US 11,860,827 B2
System and method for identifying business logic and data lineage with machine learning
Jagmohan Singh, Coppell, TX (US); Suneetha Vakalapudi, Garnet Valley, PA (US); and Soren Tannehill, Lewis Center, OH (US)
Assigned to JPMORGAN CHASE BANK, N.A., New York, NY (US)
Filed by JPMorgan Chase Bank, N.A., New York, NY (US)
Filed on Sep. 7, 2021, as Appl. No. 17/467,938.
Application 17/467,938 is a continuation of application No. 16/115,968, filed on Aug. 29, 2018, granted, now 11,138,157.
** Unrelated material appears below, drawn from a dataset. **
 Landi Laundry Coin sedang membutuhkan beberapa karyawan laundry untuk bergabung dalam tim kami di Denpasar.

Claims priority of provisional application 62/551,923, filed on Aug. 30, 2017.
Prior Publication US 2021/0406222 A1, Dec. 30, 2021
Int. Cl. G06F 16/00 (2019.01); G06F 16/178 (2019.01); G06N 5/04 (2023.01); G06N 20/00 (2019.01); G06F 16/25 (2019.01)
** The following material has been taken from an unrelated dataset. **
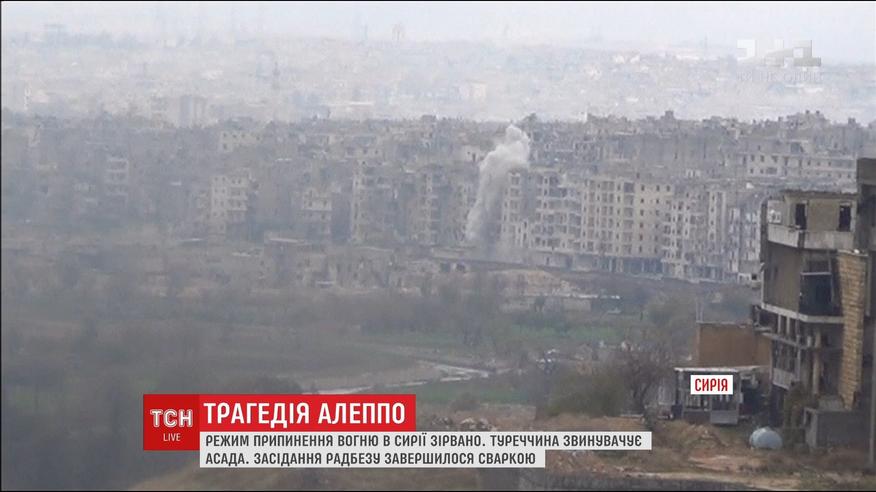 Прекращение огня в Алеппо, о котором договорились вечером накануне, продлилось - несколько часов, утром в городе снова слышны взрывы. В нарушении перемирия Турция обвиняет Асада и его союзников. Срочное заседание совета безопасности ООН превратилось в скандал.

CPC G06F 16/1794 (2019.01) [G06F 16/252 (2019.01); G06N 5/04 (2013.01); G06N 20/00 (2019.01)] 18 Claims
OG exemplary drawing
 
1. A system that generates pseudo code that represents data logic from a source system to a target system, the system comprising:
a computer server comprising a programmed computer processor configured to perform the steps of:
preprocessing source data using direct SQL and creating a comma separated values (CSV) file with header columns and target columns;
processing the CSV file using dataframes;
identifying a set of best source feature attributes using recursive feature elimination method in machine learning;
separating the attributes to continuous and categorical columns;
feeding the attributes to a machine learning algorithm; and
generating a descriptive tree path in pseudo code.